Raphael PiastraParRaphael Piastra
25 septembre 2024
La conjuration

C’est un peu faire injure à un épisode assez méconnu de l’histoire postrévolutionnaire que de ramener celui-ci à l’immédiate actualité. Mais risquons-nous-y !

La Conjuration des Égaux est une tentative de renversement du Directoire en 1796 menée par Gracchus Babeuf avec ses camarades (les Égaux), dans un contexte d’exaspération sociale due à la vie chère. Babeuf fut pendant la Révolution proche de Marat et,  quelques temps,  de Robespierre. Avec ses amis ils dénoncent les privilégiés qui tirent profit de la Révolution. Ils préconisent une réforme radicale de la société : l’abolition de la propriété privée doit rendre tous les Français égaux. Pour réaliser leur idéal, ils envisagent ni plus ni moins que de renverser le Directoire pour instaurer une « république égalitaire ».  L’insurrection populaire, parisienne essentiellement, va se doubler d’un début d’insurrection militaire au camp de Grenelle.  Mais les conjurés échouent et seront arrêtés puis guillotinés. A noter que Friedrich Engels et Karl Marx reconnaissent en la Conjuration des Égaux « la première apparition d’un parti communiste réellement agissant ».

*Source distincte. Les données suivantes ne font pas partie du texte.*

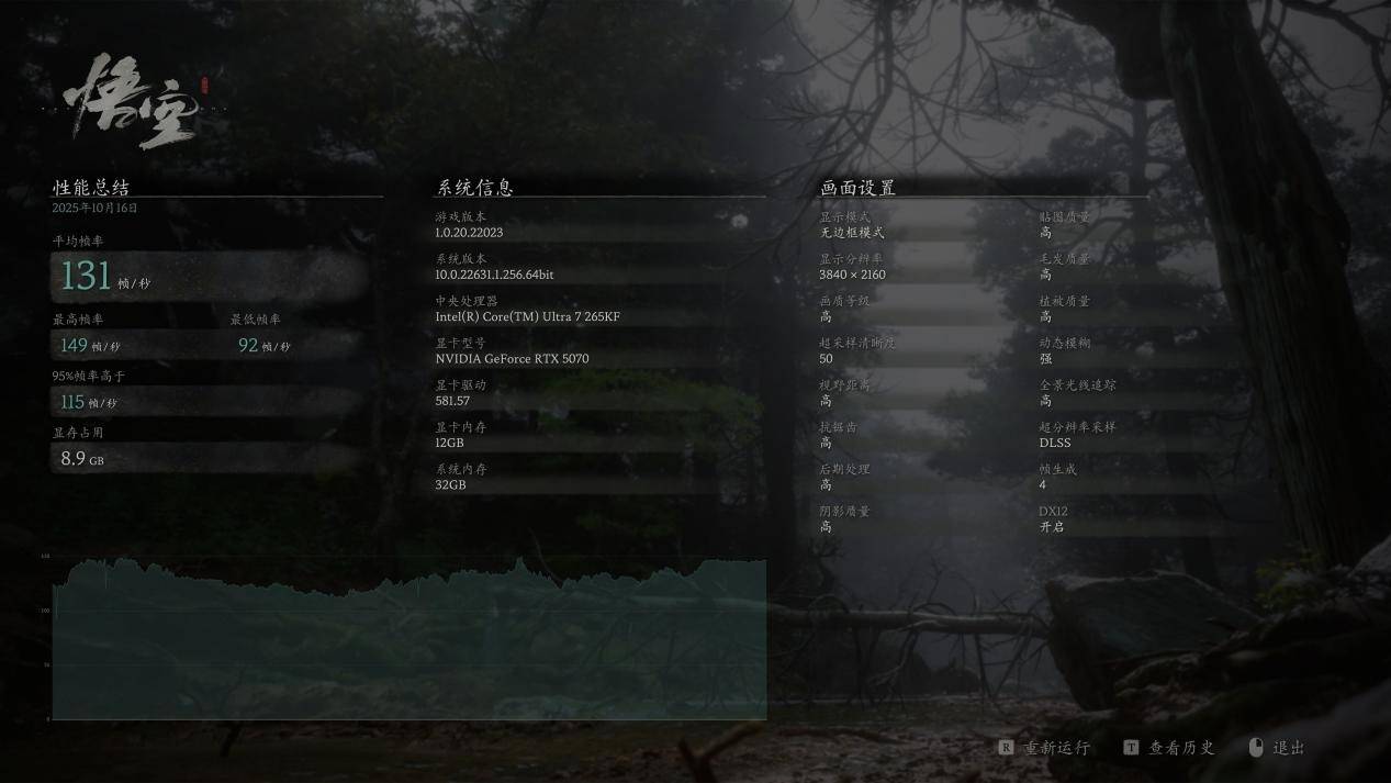 最后是游戏性能测试,Intel 酷睿ULtra 7 265KF处理器与技嘉B860M电竞雕的搭配能够充分发挥NVIDIA GeForce RTX 5070的图形处理实力,在游戏性能方面有着出色的表现。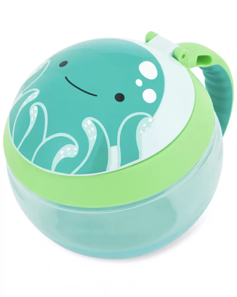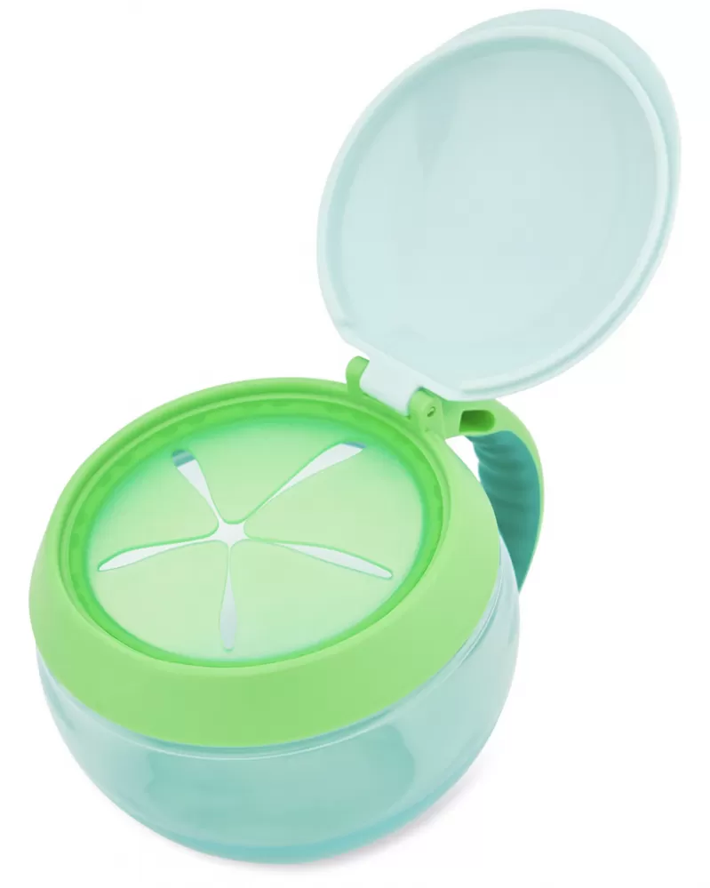 Šikovný nápad na cesty. Nádoba má víčko, které po otevření drží, před vysypáním obsahu jej chrání pružné lamely, které pustí dětskou ručičku dovnitř, ale nepustí svačinu ven. Nádoba je průhledná, aby se mohla brzy doplnit. Na boku je praktické ouško v dětském rozměru, pomocí kterého lze nádobu připevnit i na kočárek či tašku. 0% BPA, 0% PVC, bez ftalátů. Obsah: 222 ml. Průměr: 10 cm Rozměry produktu: 12 cm x 9,4 cm x 8,8 cm VAROVÁNÍ: Tento výrobek vždy používejte pod dohledem dospělé osoby. Další varování a pokyny jsou uvedeny uvnitř. Před použitím si je přečtěte a uchovejte pro budoucí použití. Odstraňte a správně zlikvidujte všechny obalové materiály. Nepovolte dětem hrát si s obalovými materiály. Dodavatel: ags 92, s.r.o., Drahobejlova 2515/18, 190 00 Praha Česká republika info@ags92.com

Le 9 Juin dernier, le président Macron a décidé, contre toute attente, de dissoudre l’AN. Les conséquences ont été aussi immédiates qu’attendues. Au premier tour, le Rassemblement national et ses alliés obtiennent près de 33,34% des suffrages. Ce qui leur permet de faire élire directement 39 députés. Le Nouveau Front Populaire (27,99%) obtient 32 députés, loin devant la coalition présidentielle Ensemble (20,04%) qui obtient 2 députés. La participation est en forte hausse avec 66,71% (contre 47,5% en 2022).

Dans l’optique du second tour, se met en place ce que l’on appelle le « front républicain ». Selon notre collègue Pascal Perrineau, l’expression désigne le rassemblement, lors d’une élection, de partis politiques de droite et de gauche au second tour ou lors de l’élection des exécutifs pour faire barrage à une victoire du Front national (FN devenu  RN). Ce concept tire ses origines de diverses coalitions ou stratégies ayant visé à défendre le régime républicain dans des pays européens tombés sous la dictature (Italie, Espagne, Portugal). On le trouve aussi dans certains pays d’Amérique du Sud.  En France il veut faire barrage à l’extrême droite depuis la Troisième République : la plus citée est celle, homonyme, du Front républicain de 1956 contre le mouvement poujadiste (1953-1958 : pour la défense des artisans et commerçants).

 A l’époque, soulignons tout de même que l’extrême-droite en était au stade fœtal puisque sans représentation dans nos hémicycles républicains.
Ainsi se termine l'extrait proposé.